К фонарю подносят лучину, и свет, тусклый, желтый, от дрожащего фитилька, но свет, разливается по вагону.

Общая бурная радость. Топот. Откуда-то появляется бутылка, ее торжественно распивают в центре вагона.

Начинается пляс. Пляшет коричневый полушубок, высоко вскидывая брови-стрелы. Пляшет длинный Витька. Морда у него вытянутая, а подбородок безвольный. Пляшет, сверкая зубами и хлеща себя по онучам, мой Вадим.

Пашка заводит одну из угорских частушек, и вагон подхватывает припев.

– Эх, по деревне шла и пела, – нагибаясь от натуги, орет Пашка.

Пауза, выдох.

– Девка здоровенная… – рявкает вагон, а затем быстро, с перебором, вместе: – Жопой за угол задела, заревела, бедная!

– Заревела, бедная, – вторят снова, уже медленно, здоровые глотки, и без перерыва, сразу, начинает запевку другой частушки Пашка: – Из тюремного окошка посмотрю на Вологду… – Пауза. Танцоры останавливаются.

– Посмотрю на Вологду! – оглушительно, чеканя слова, и сразу же мелким бесом, задорно и неразборчиво: – Приняси, залетка, хлеба, помираю с голоду!

Стук лаптей, все новые танцоры вступают в круг.

Еще ни разу не было такого веселья в вагоне!

 
А из нагана дали выстрел…
Эх, по реке пошел туман,
Што ты голову повесил,
Наш веселый атаман?
 

Гремит вагон, шумит, стучит пол под ногами, светит фонарь над нами.

Пашке все мало. Он придумывает дурить по-другому и, смастерив из двух лучинок крест, поднимает его, вышагивает по кругу и, подражая где-то слышанному, поет:

– Иже еси, хосподи на небеси…

Хохот, крики, за Пашкой пристраиваются еще трое и шагают за ним по кругу, голося:

– Иже еси, мать твою ети…

Сильный стук, чем-то тяжелым справа в двери. Громкий собачий лай. Повелительный голос:

– Открывай!

И тишина…

Смуглый прыгает к фонарю, срывает его с крючка, дует на огонь и кидает под нары. Пашка перехватывает фонарь, и они устремляются к противоположной двери, чтобы выбросить его с другой стороны. Лихорадочно отдергивается задвижка, отворяются двери… и оба отскакивают назад, роняя фонарь на пол.

В вагон с лаем вскакивает огромная немецкая овчарка, двери распахиваются широко. Три фонаря освещают нас, и я вижу в дверях семь или восемь рослых солдат в форме НКВД, с винтовками. У двоих в руках топоры, видимо, для того, чтобы взломать двери, если потребуется. Секунда – и они в вагоне. Офицер с трудом сдерживает рвущуюся овчарку, потом передает поводок одному из солдат.

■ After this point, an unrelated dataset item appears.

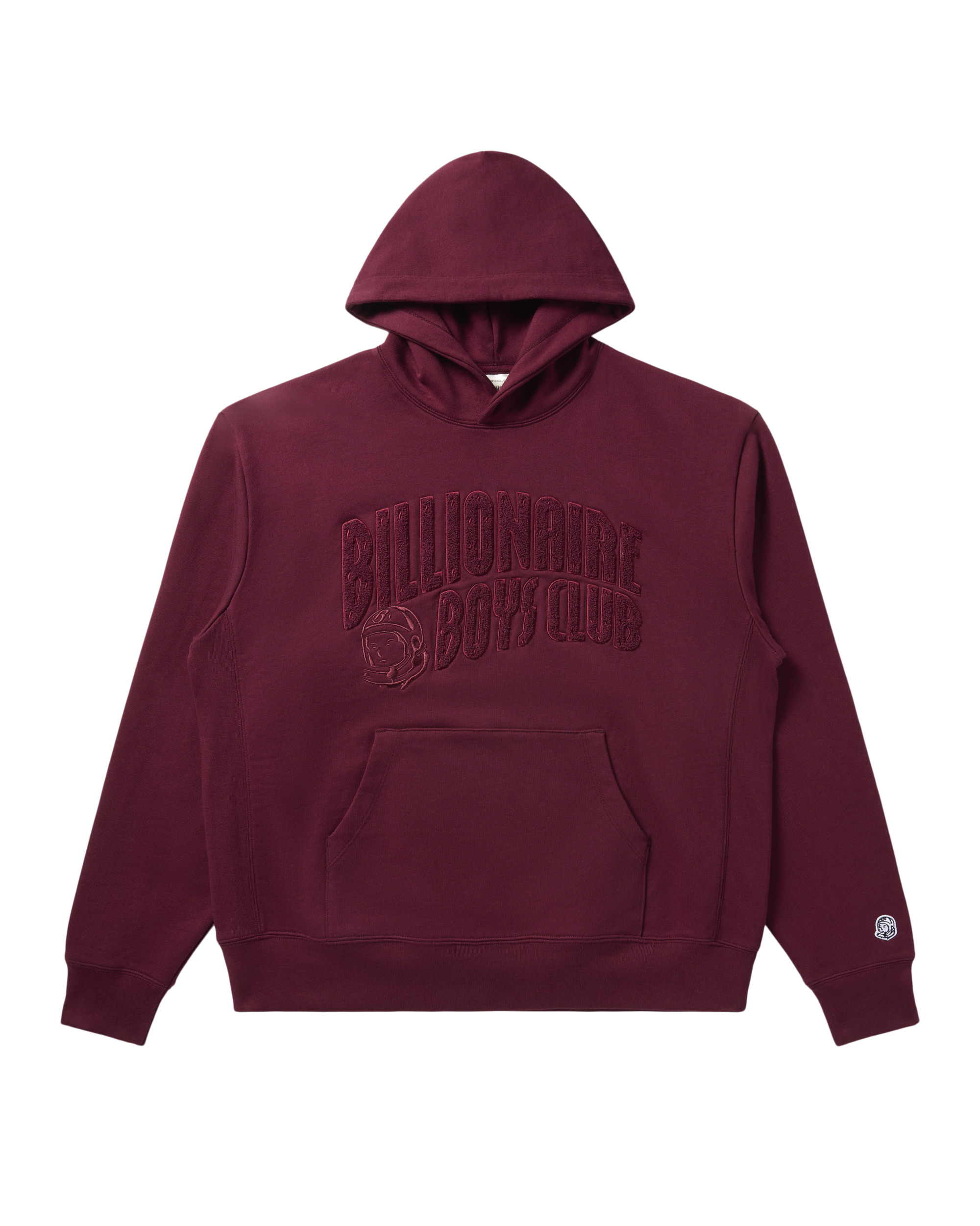 The Chenille Logo Hoodie features a chenille embroidered patch of the Arch logo at the front and the Standing Astronaut logo printed on the back neck. - Burgundy - Embroidered patch of the Arch logo on the front - Standing Astronaut on the back neck - 100% Cotton

– Кто фонарь отнимал? – спрашивает он, обернувшись назад, и из-за его спины появляется немолодая заплаканная женщина в железнодорожной форме. У нее усталое лицо, на щеках пятна.

– Вот этот, – сразу указывает она на Пашку.

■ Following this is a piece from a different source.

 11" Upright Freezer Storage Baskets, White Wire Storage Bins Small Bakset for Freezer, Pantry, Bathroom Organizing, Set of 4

– Ах, вот этот! – тянет, как бы удивляясь, офицер и вдруг резким ударом в поддыхало валит Пашку с ног. Тот, задыхаясь, глотает воздух ртом и сипит где-то внизу.

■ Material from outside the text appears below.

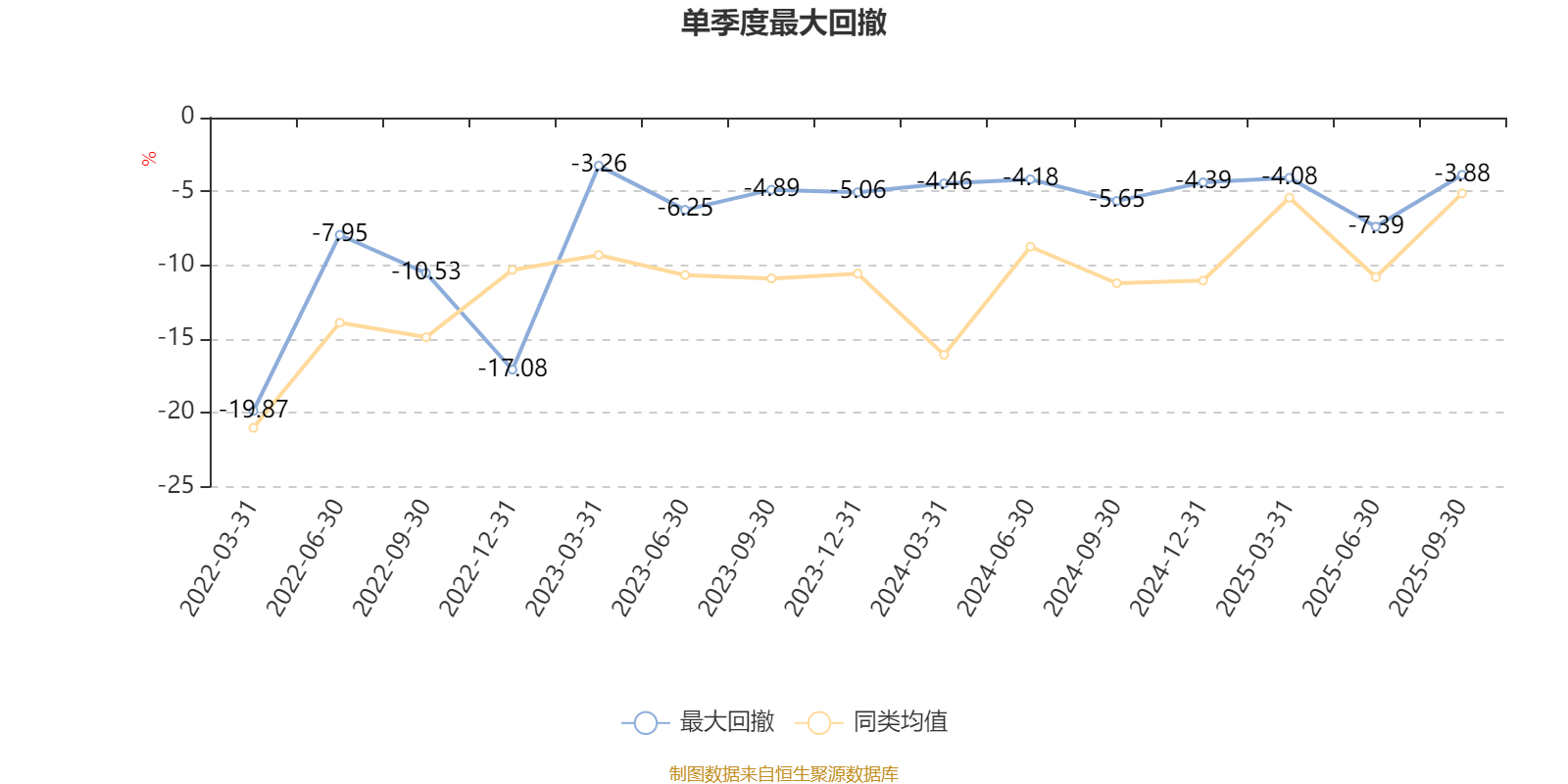 截至10月29日,基金近三年最大回撤为10.38%,同类可比基金排名1/176。单季度最大回撤出现在2022年一季度,为19.87%。

– И вот этот длинный, – показывает железнодорожница на Витьку, который обалдело смотрит на происходящее. Рот у него открыт, глаза мигают.

Витьку бьют сразу двое солдат. Один в лицо, другой в живот ногой. Овчарка отчаянно рвется на нас, оскаля пасть и задыхаясь от рычания. Витьку хватают, закручивают руки, а он ревет тонко и жалобно, слезы обильно текут у него по лицу, и дико видеть, как такой громадный парень превращается в мгновение в ребенка и зовет мамыньку.

– Кто еще?

Железнодорожница оглядывается. Мы стоим все тесным кругом, а фонари освещают наши лица, и за светом фонаря бежит испытующий взгляд женщины.

– Не вижу я его, – растерянно говорит она, – но вагон я точно заметила. Сюда побегли…

– А ну, Ефремов, свети сюда, – командует офицер и поднимается на нары.

– Эй, ты, морда! Проснись! А ну, лезь отсюда!

С нар появляется атаман. Он трет глаза кулаками и жмурится от яркого света фонарей.

– Поспать не дают! Чего надо-та?

– Может, этот? – спрашивает офицер.

– Этот! – кричит железнодорожница. – Этот главный бандюга и есть. Он меня сзади обхватил лапищами, рот зажал да приподнял, а эти двое фонарь вырывать – и деру!

Раз! – хлестко раздается в вагоне. Раз! – мотается голова у атамана, изо рта течет черная струя. Двое держат его, офицер бьет, атаман молчит.

– Все, что ли? – кричит офицер. У него молодое и острое лицо.

– Пошли! Этих – взять! А вы, сволочи, запомните!

Витьку, Пашку и атамана уводят. Стук закрывающейся двери. Тишина. Темнота.

– Вот-те и беседки с фонарем, – говорит кто-то.

Мы лезем на свои места. Я укладываюсь и слышу, как Вадим убежденно говорит:

– А все отчего? Оттого, что молились с матюгами!